A book and its cover

I’ve struggled with this notion for sometime. I know people and have people around me who do this most of the time. Heck, there are times when I fall into the trap of doing the same. I do not want to be the same. I want to improve my thinking. Why? Because I have been a victim of misunderstanding. I have also been misunderstood. No one likes that. It is not optimal.


What does it mean?

Whenever we look at someone our mind makes up its own mind. Yes, that sounded funny but that’s what happens. At least, loosely speaking. We have largely two sections inside our brain. The first one, evolved through the ages yet contains remnants of the animal brain. It is quick to get excited and quick to draw conclusions. There are several examples of this, some familiar, others not. There is a predator in the bush. One in hand is also better than two in the bush. My friend’s enemy is my enemy. I see the lightening, don’t understand it, hence, God. The second section within the brain, which is more careful, slow and appreciates tedious calculations. Yes, indeed it does, despite the popular notion of slow is easy, easy is good. Turning the examples above on their head… The predator in the bush can be my meal and perhaps a delicious one if I can subdue it. Do I have any tools handy? How do I invent tools? Oh, physics and math! The enemy of my friend can push my friend to do better things in life because no-one wants to suffer and hard work needs motivation. Maybe my friend’s enemy can motivate him to do better. Hence, social psychology. Indeed, the second brain is scheming, manipulation, understanding yet slow to process outcomes.

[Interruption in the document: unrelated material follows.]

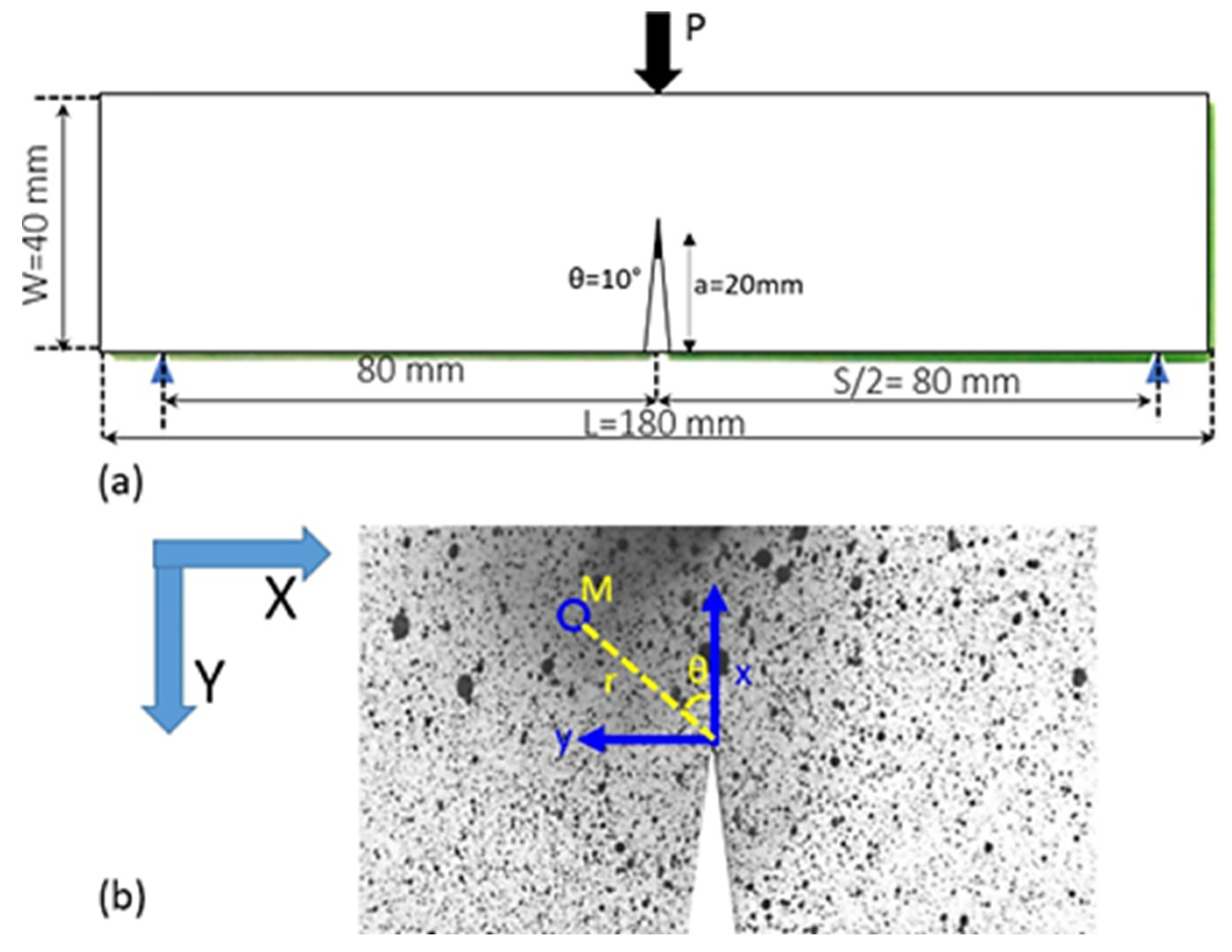 - Bahrami, B.; Ayatollahi, M.R.; Torabi, A.R. Application of digital image correlation method for determination of mixed mode stress intensity factors in sharp notches. Opt. Lasers Eng. 2020, 124, 105830. [Google Scholar] [CrossRef]

So when we look at someone, something or are thrown into a situation, our animal mind (the cerebellum) already has cast its judgment. We arrive at a conclusion and are more confident than not. This is usually the case if you don’t flight the immediate impulse to draw conclusions. The more (sic) evolved part of our brain (the cerebrum) has yet to even evaluate the situation. The more time we spend in the situation, with the person, engaged with something, the more complicated the situation begins to look. We are conscious creatures but there is more evaluation taking place subconsciously than current science has managed to record.


Alternatives and a semi-conclusion

The best way to think about things is mechanically. Time-box everything. Even a thought process to think about things. Time-box it. You have to plan a trip half way around the world? Time-box it. The plan to make the plan? Time-box it. Anything that needs thought and action needs to be time boxed. That will more times than not lead thought to forced into a structure. So when you are in an unfamiliar situation or facing an unfamiliar audience the best way to evaluate it is to time box the thought process to evaluate the situation. More than restricting the time to evaluate the situation this will force you to use a framework to evaluate the situation. Ironically, the choice of the structure and framework will take time. One needs to lend their mind to reading about reading, writing, understanding culture, looking for results, using goals and objectives. This should be guidance to an end goal. Knowing about things helps to avoid being blindsided by unfamiliar situations and people. Blindsided by people, occurrences, science, and sometimes facts that have already discovered among other things. Awareness about things helps build good frameworks. Awareness comes from reading about things and sometimes being in the situation. Unfortunately the latter which is sometimes called experience needs failure for things to be understood entirely.

The run after the dream made me think about things. Sunrise, Sunrise!

More about this in another blog post. Despite a fantastic dream today that made me think about things and a bit emotional and when I woke up I decided two things. One, that this post will never be finished and two I should go out for a long run like old times. So I decided to time-box the drafting of this post and that now is just as good a time to finish it up and post it. At the end I just have one thing to say. Read Mental Models by Shane Parrish and listen to The Knowledge Project. Don’t judge the book and the podcast by either of their covers. In all honesty I have listened to him in a while. But that wasn’t always the case. I did, very frequently in the past. Alright that’s all for now. Mental models. Don’t forget.